The Holy Week Shadows of St. Joseph: Holy Monday

The first of several reflections on St. Joseph by Father Raymond de Souza for your Holy Week contemplations.

The Anointing at Bethany.
The Anointing at Bethany. (photo: Peter Paul Rubens and Anthony Van Dyck in 1618 / Public Domain)

In his apostolic letter for the beginning of the Year of St. Joseph, Pope Francis cites Polish author Jan Dobraczyński. The Holy Father explains that his novel, The Shadow of the Father, “uses the evocative image of a shadow to define Joseph. In his relationship to Jesus, Joseph was the earthly shadow of the heavenly Father: he watched over him and protected him, never leaving him to go his own way.” (Patris Corde 7)

Nevertheless, Joseph is not present in the Lord’s public life. Yet we might find St. Joseph during Holy Week, if we allow ourselves to imagine where his “shadow” may have fell upon Jesus in those most sacred days.
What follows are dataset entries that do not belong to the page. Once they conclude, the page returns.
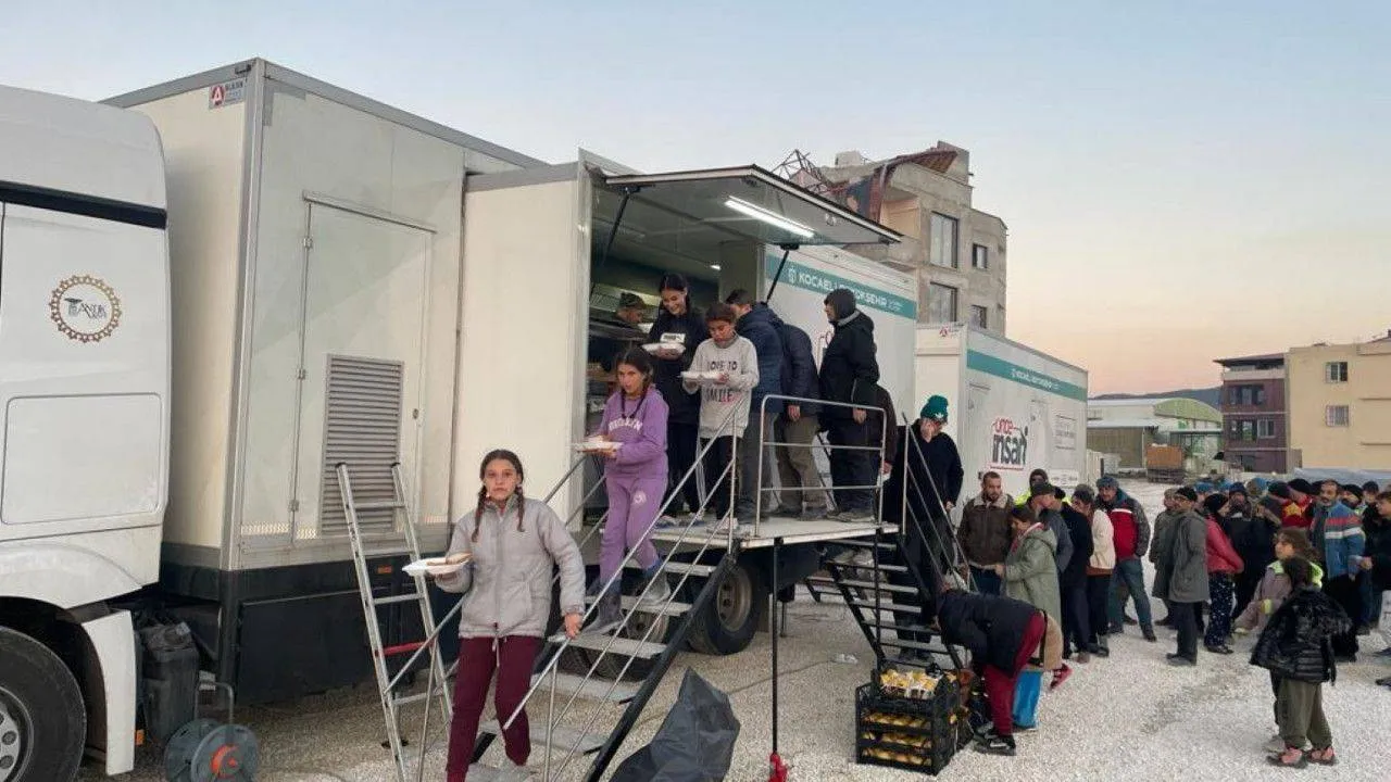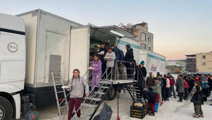 Kocaeli Büyükşehir Belediyesi, Hatay'ın Defne ilçesinde on binlerce kişi için 3 çeşit yemek çıkararak yaraları sarıyor. Mobil afet tırında ise günde 15 bin ekmek üretiliyor.
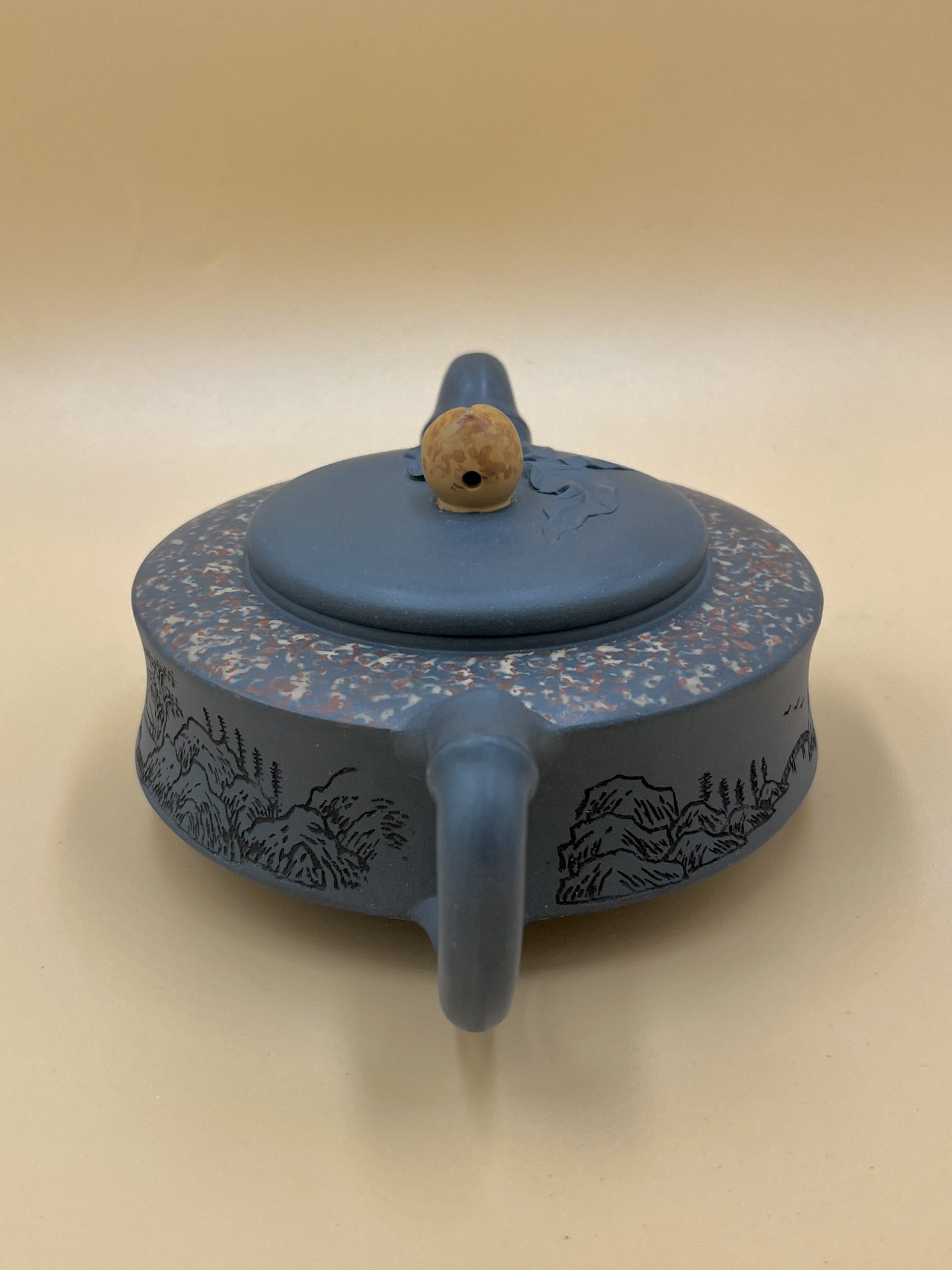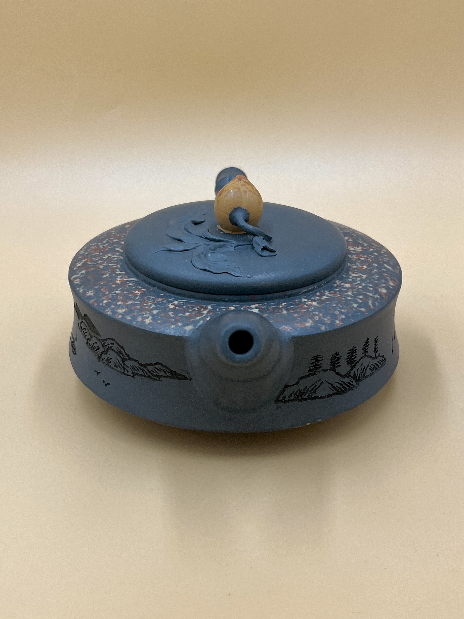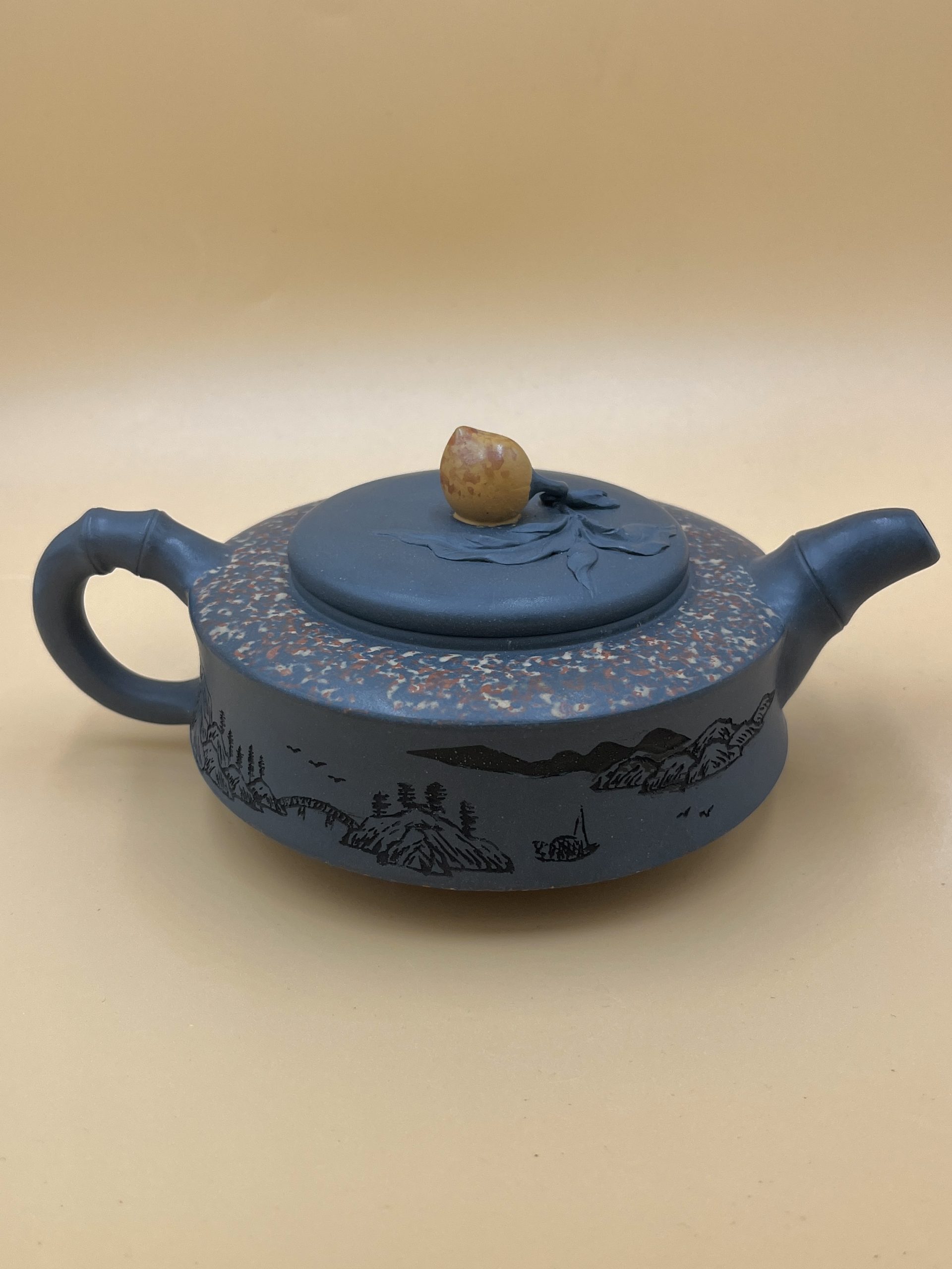 Авторский мастеровой полностью ручной исинский чайник. Форма близка к классическому Чжоу Пань 周盘 (Чжоуский Диск или Компас), но перетянутый “поясом”, образует чайник с талией. Сочетает в себе символику бамбука – стойкость и персика – бессмертие.
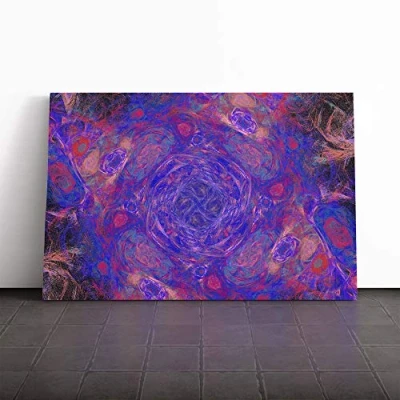 Big Box Art Canvas Print Wall Purple Fractal Abstract (13) Mounted and Stretched Frame Picture Home Decor for Kitchen, Living Room, Bedroom, Hallway, Multi Colour, 20x14 Inch
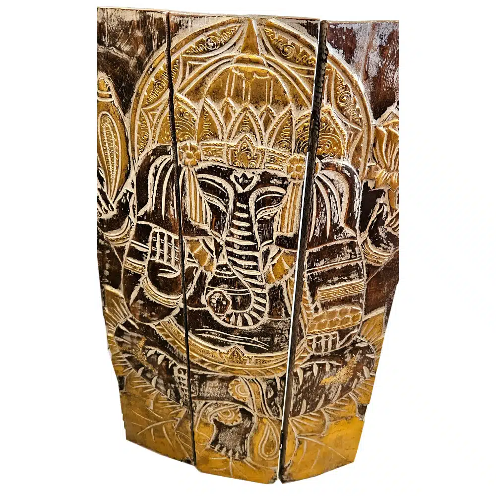 - Design: Dreiteiliges, klappbares Wandbild (Triptychon) mit Relief-Schnitzerei von Ganesha.
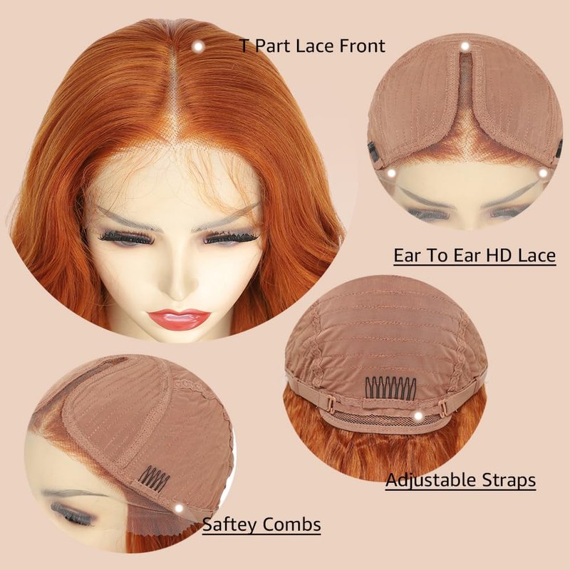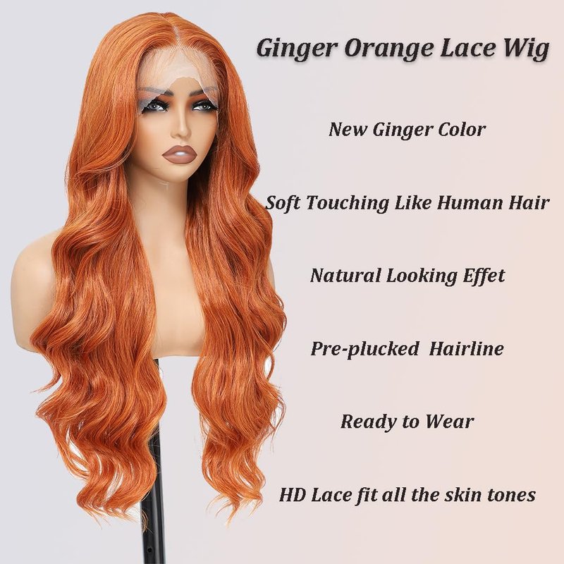 - Ginger Lace front Wigs: Ginger orange Premiun Quality Body Wave Hair Wig T Part HD Lace Front Wig with Baby Hair Natural Pre plucked Hairline,Heat Resistant High Temperature Wig, Super Soft and No Tangling, Full Layered Hair, Shiny and Natural Looking.
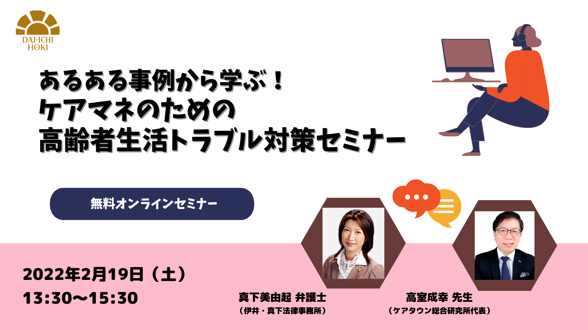 法律関連出版物、各種データベースを提供する第一法規株式会社(所在地:東京都港区、代表取締役社長:田中 英弥)は、『あるある事例から学ぶ!ケアマネのための高齢者生活トラブル対策セミナー』を、2022年2月19日に開催します。
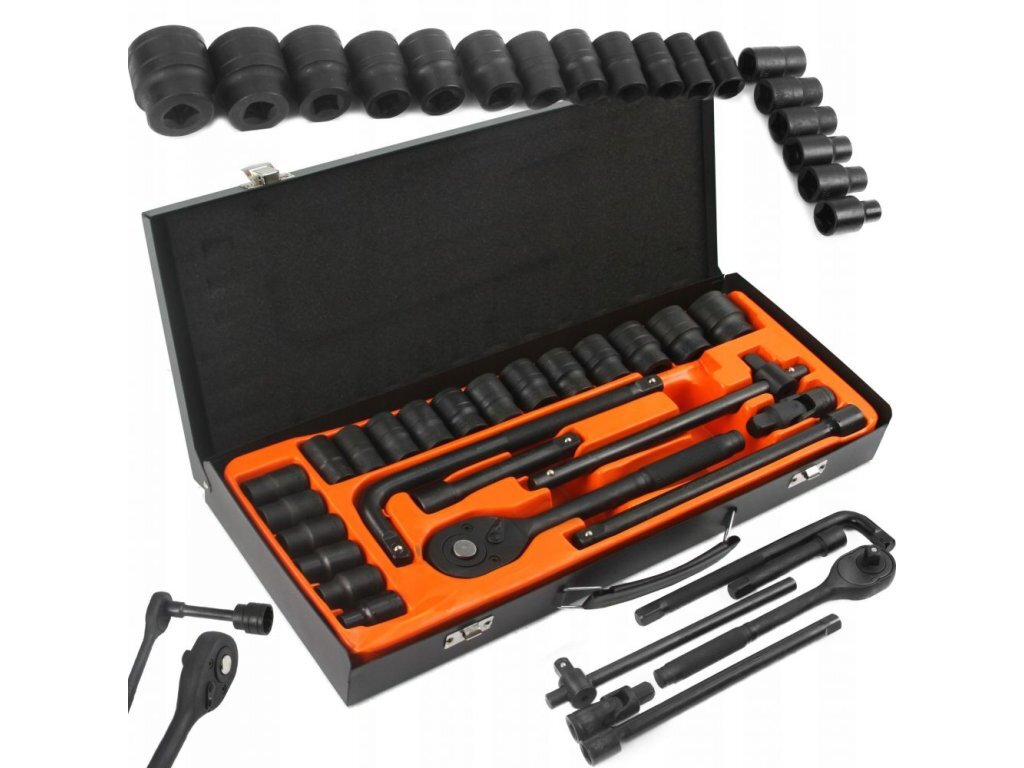 - Kompletní sada skládající se z nástrčných klíčů, ráčny, nástavců, trháku
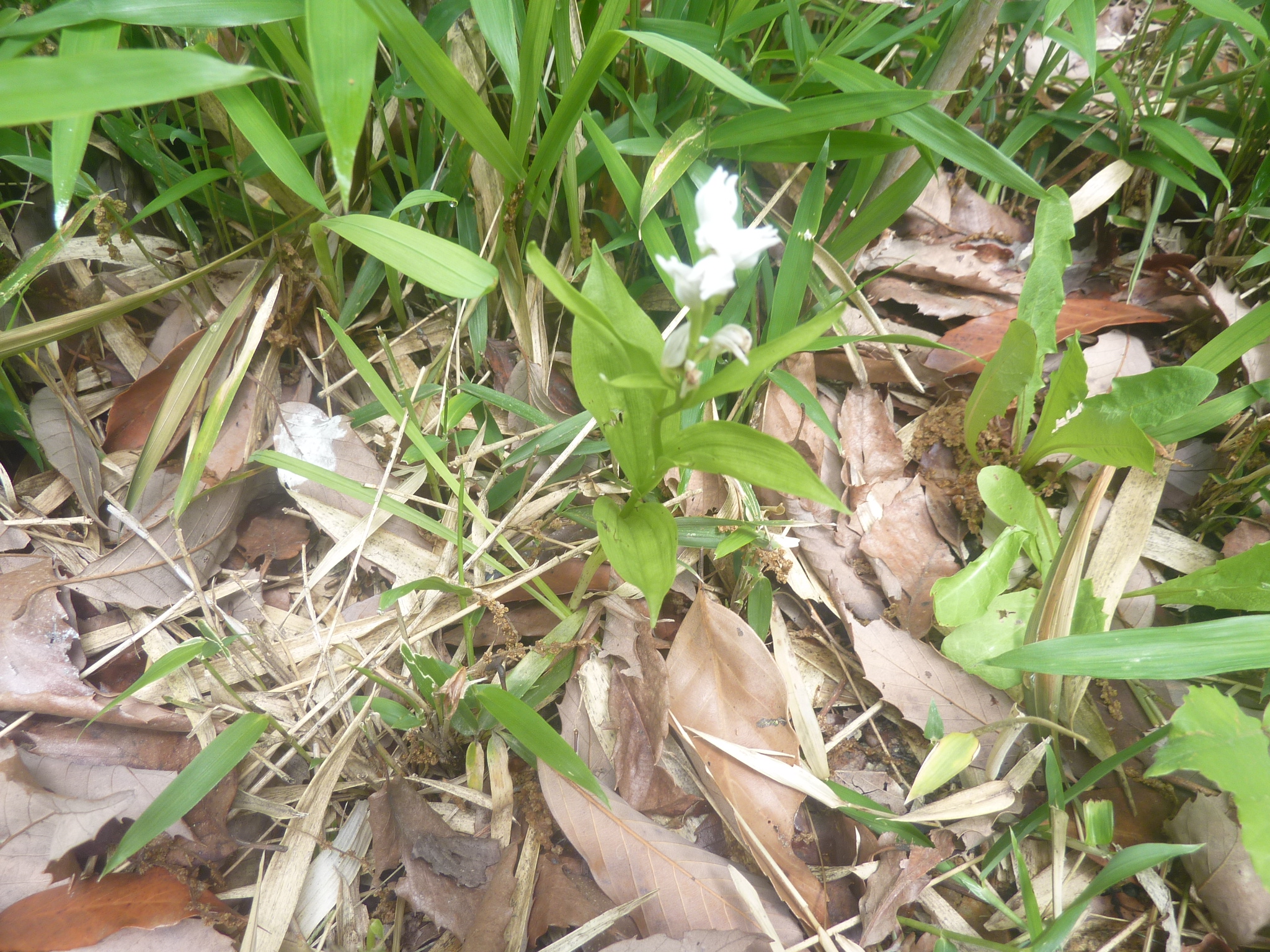 心地よい五月晴れの風に誘われてか33名という多数が陶器山に集合。先ずはここ陶器山をよく知っているKさんの案内で、ギンランの咲いている場所を目指し尾根道を北へ、道中の両側に続く木々の若葉がまぶしい。この時期に緑道を歩くのは本当に清々しく気持ち良い。お目当てのギンランは少し遅いのではと心配したが、まだまだ彼方此方に花を残していてくれた。しばらくの撮影タイムをとり、来た道を引き返す。途中にササユリを多く見かけたが、一部は早くも小さな蕾をつけていた。道路沿いにはニガナ、ブタクサ、セイヨウタンポポ、オニタビラコ、ノゲシなどキク科の黄色の草花やオヤブジラミの目立たない花も、モチツツジの花はもう終わりかけていた。ニガナを齧って「全然苦くないね」の反応に、調べてもらうと「苦菜という名前は、茎や葉を切ると白い苦みのある乳液が出ることからついたとされます。乳液というと毒のように思いがちですが、苦いだけで、食用や煎じて健胃や鼻づまりの民間薬として使われてきました」とのこと。尾根道の樹木ではコナラが目立ち、木本のナガバノコウヤボウキは道沿いに最後まで見られた。
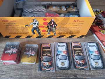 All'interno trovate tutte le miniature dettagliate dei sopravvissuti e degli zombie, le tessere di gioco, 2 mazzi di carte, i dadi e i segnalini, la mappa e ovviamente anche il regolamento.
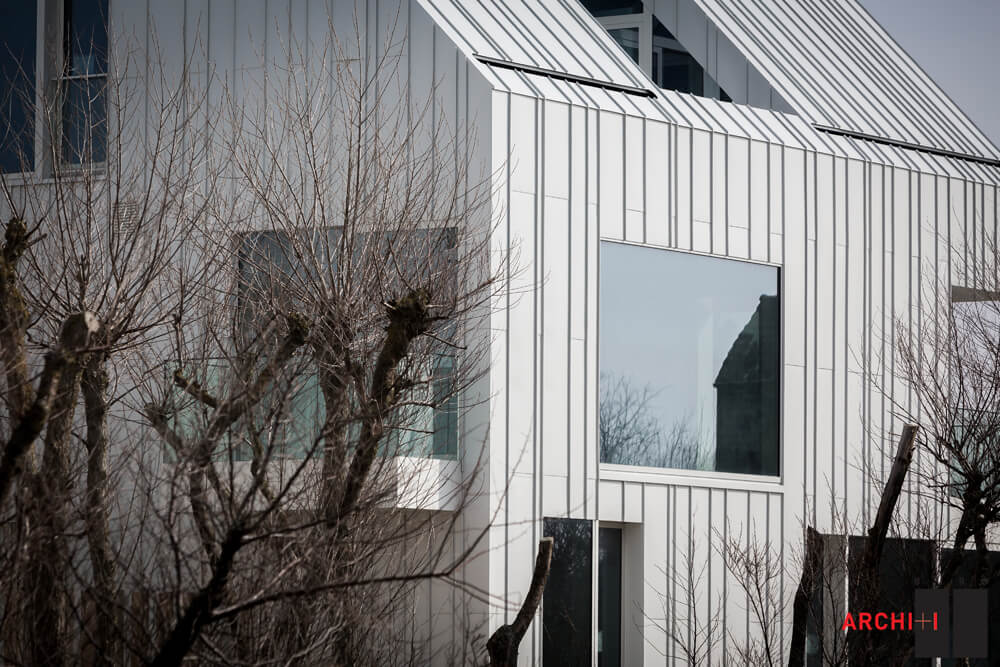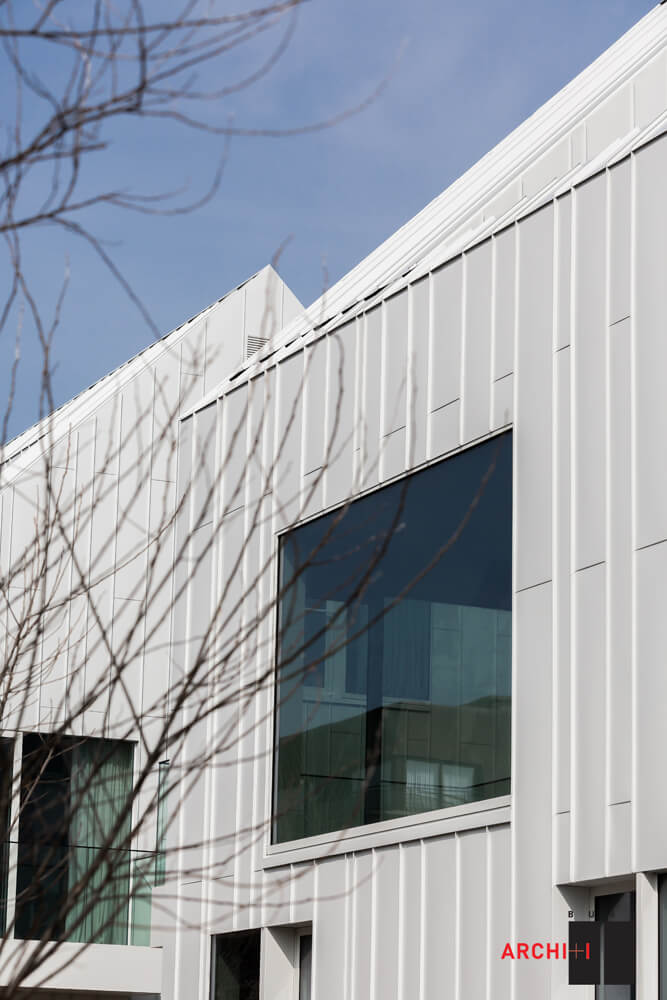 A uniform design was adopted for the façade and the roof to achieve a striking and distinctive architectural style. The preferred choice was white aluminium, as a contemporary application and interpretation of the white coastal architecture. The shell was constructed using a white aluminium standing seam system, which is ideal for use on the wall as well as the roof.

Six days before Passover Jesus came to Bethany, where Lazarus was, whom Jesus had raised from the dead. They gave a dinner for him there, and Martha served, while Lazarus was one of those reclining at table with him. Mary took a liter of costly perfumed oil made from genuine aromatic nard and anointed the feet of Jesus and dried them with her hair; the house was filled with the fragrance of the oil (John 12:1-3).

The Gospel for Monday of Holy Week gives us a domestic scene, Jesus at home, as it were, with his friends Mary, Martha and Lazarus. It seems that when Jesus came to Jerusalem on pilgrimage that he would at least visit, if not stay with, his friends at Bethany, just two miles from the holy city. 

Mary anoints Jesus with costly nard, and the entire house is filled with the fragrance. Judas objects; Jesus explains that it is in anticipation of His death, now just days away. 

Commenting on the fragrance that filled the house, St. Augustine wrote, “The world is filled with the fame of a good character: for a good character is like a sweet scent. … Through the good, the name of the Lord is honored” (In Io. Evang. tr. 50, 7). 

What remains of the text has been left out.